Three ravens land in the parking area in front of the house. At first they saunter around as if they owned the place. The sun makes their black feathers sparkle and gleam. They point their curved beaks in all directions, but don’t have much to say for themselves. I have the impression they are putting on an act. Pretending to be serious fellows. Dragging their wedge-shaped tails behind them like peacocks. If I were really sitting here with Anni, I would joke about it. We would try to work out where these important gentlemen came from. Anni would say straight away that they were three Laestadian preachers who’d come to convert us. I’d guess that they were the boss of Social Services, a headmaster and a district judge. “I’m done for now,” I’d say.
Anni pours herself a refill. She wraps her hands around the mug.
I would also like to wrap my hands around a mug of steaming-hot coffee. I want to be sitting here on the steps with Anni for real. I want Simon to drive up to the door. Oh, his smile when he sees me! As if someone had given him a marvellous present. I’m so full of desire that it’s painful.
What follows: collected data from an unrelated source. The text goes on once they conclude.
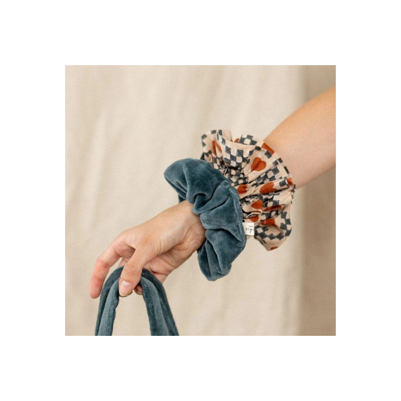 Le chouchou Manju de la marque Apaches Collections apporte une touche bohème et colorée à vos coiffures. Confectionné en coton doux, il séduit par son imprimé cœur graphique et ses teintes chaudes et lumineuses. À la fois pratique et délicatement rétro, il s’enroule facilement autour d’un chignon ou d’une queue-de-cheval pour un look plein de charme.
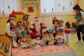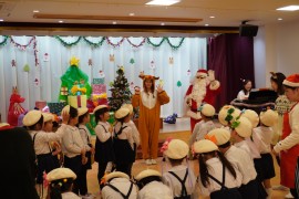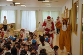 きく組のキャンドルサービスから始まり、パーティには、サンタさんとトナカイさんがきてくれました。
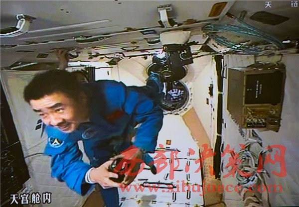 10月19日,神舟十一號航天員景海鵬和陳冬順利進(jìn)入天宮二號實驗艙。這是景海鵬進(jìn)入天宮二號實驗艙(攝于北京航天飛行控制中心大屏幕)。
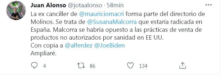 Un dato no menor, citado por Alonso es qué figura del macrismo forma parte del directorio empresarial de MOLINOS.
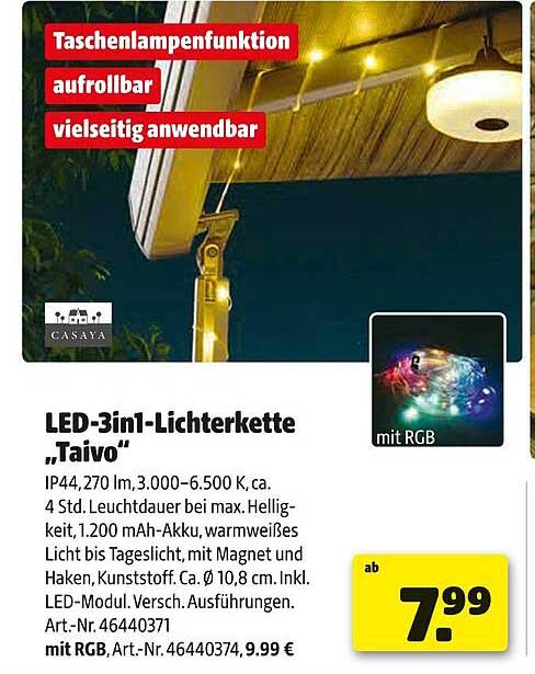 Die LED-3in1-Lichterkette „Taivo“ von CASAYA ist das perfekte Licht-Accessoire für alle, die einen Hauch von Magie in ihr Zuhause bringen möchten. Mit ihrer einzigartigen Funktionalität und ansprechenden Designs bringt sie nicht nur Licht, sondern auch eine besondere Atmosphäre in jeden Raum. Ideal für stimmungsvolle Abende im Garten oder festliche Anlässe im Wohnzimmer, ist dieses Angebot von Hagebau ein echtes Highlight.
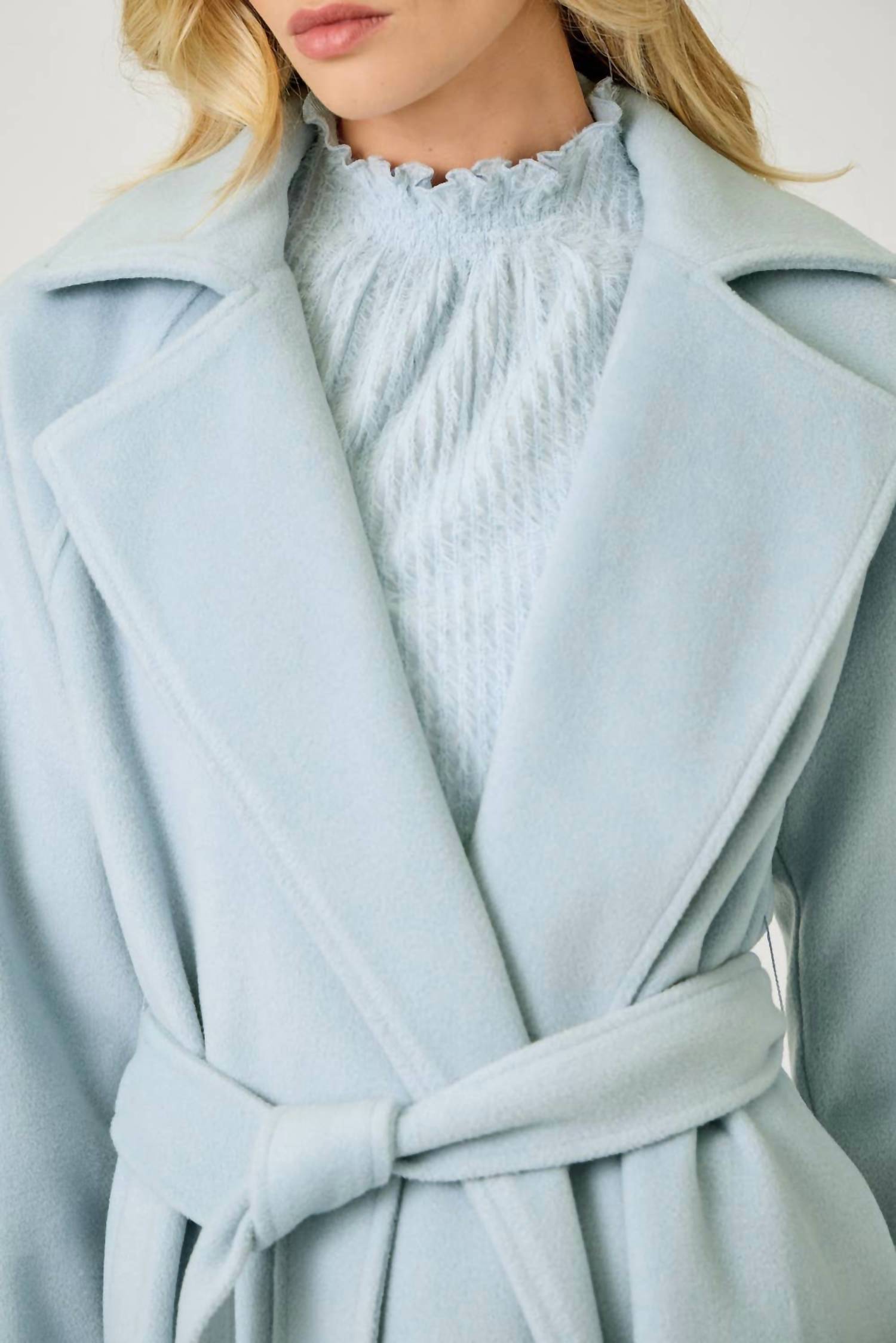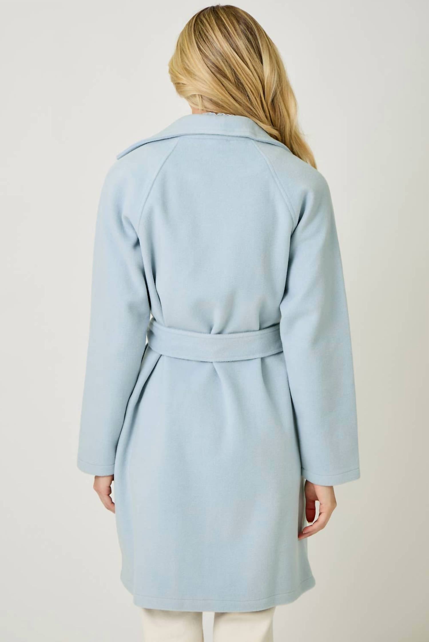 A timeless classic. You'll be reaching for this trench every season. Embrace minimalist sophistication with the Lapel Collar Robe Coat by Mystree, perfect for New Year's Eve or dinner parties. Designed for versatility with long sleeves and a knee-length silhouette in Blue Breeze, this solid coat is crafted from 100% Polyester. The lining adds comfort, while practical side pockets and a tie closure elevate functionality for everyday wear. Care: Machine wash.

My hands are unable to touch anything.
When a car does in fact drive up, I almost believe it is him. But it’s Hjalmar. The ravens fly up into the trees.
Hjalmar switches off the engine and clambers awkwardly out of the car.
Now he’s standing in front of Anni, but can’t work out for the life of him how he’s going to come out with what he wants to say. At first it doesn’t matter. Anni does the talking.
“I’m sitting here speaking to the dead,” she says. “I must be going daft. But what else can I do? Soon there won’t be any living people left whom I know.”
She falls silent. Recalls an old aunt who always used to sit around complaining about how lonely she was. Remembers thinking what a pain it was to have to visit her. Now I sound exactly the same, she thinks. It’s enough to drive me up the wall.
“Are you going to the cottage?” she says, mainly to change the subject.
He nods.
“Anni,” he manages to say.
Only then does she become aware of the strange expression on his face.
“What’s the matter?” she says. “Is it Isak?”